The wolf, in this case appears to be emerging from the ground jaw first, with teeth cutting the horizon like a mountain range.

The teeth cast long shadows on the surroundings. Moving fast, confusing motion. In this iteration we wish you luck, “In Bocca al Lupo” like the Italians call to each other. To which we respond, Crepi!

This installation is made with a ceramic field based on lupine teeth, emerging from the ground in your neighborhood, glowing in stray light at night. What do you see coming your way?

Maybe they’re inciting the feeling of something you maybe sense but don’t understand, stirring the feeling that could be fear or exhilaration…

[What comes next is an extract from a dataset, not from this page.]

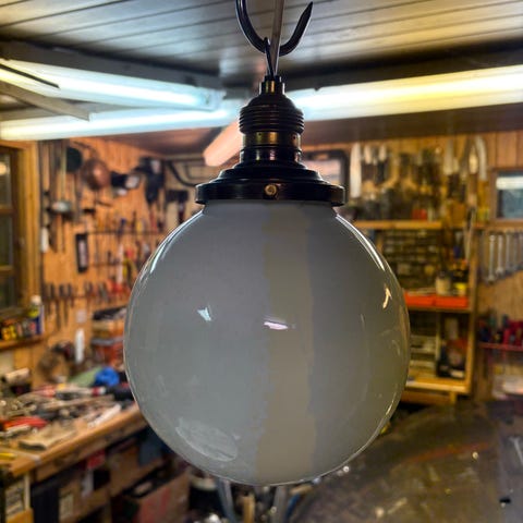 Hvid glaskuppel (stor café pendel) fra 1960'erne

This installation is part of the 2023 Terrain Biennial.
Visit the website for further sites to find art in your neighborhood!
Download the PDF artist statement here.

About Terrain Biennial:

screenshot of interactive map with 2023 Terrain Exhibition host sites plotted.

Terrain Biennial is the month and a half long public exhibitions of artists works in host locations in the neighborhoods where you live! Visit the Terrain Exhibitions website for an interactive map with sites and projects listed, as well as an archive of past Biennial works.


A little background about what inspired this project:

This project began as a proposal maquette for a larger, interactive site-specific installation for the paved entry at the gated entrance of the Real Bosco on the Museum Grounds of Capodimonte in Naples Italy. After a meandering visit through the grounds, the Museum, and past several buildings under construction, I decided that the place as a former hunting grounds, and with a rich history of the fine porcelain ceramics needed a contemporary sculpture in the tradition of the shadow theaters. A phantasmagoric display to mark the start of new era of use and activation, something to evoke a feeling, and cast long shadows.

photo of the Museo di Capodimonte

“In bocca al lupo” called out at your acquaintance leaves you, is the type of remark to wish you well. Think of it as a way to give you hope, or luck, or a friendly warning. But to me, it invokes the reality of facing the world as a story, and all the characters whom one may encounter, players…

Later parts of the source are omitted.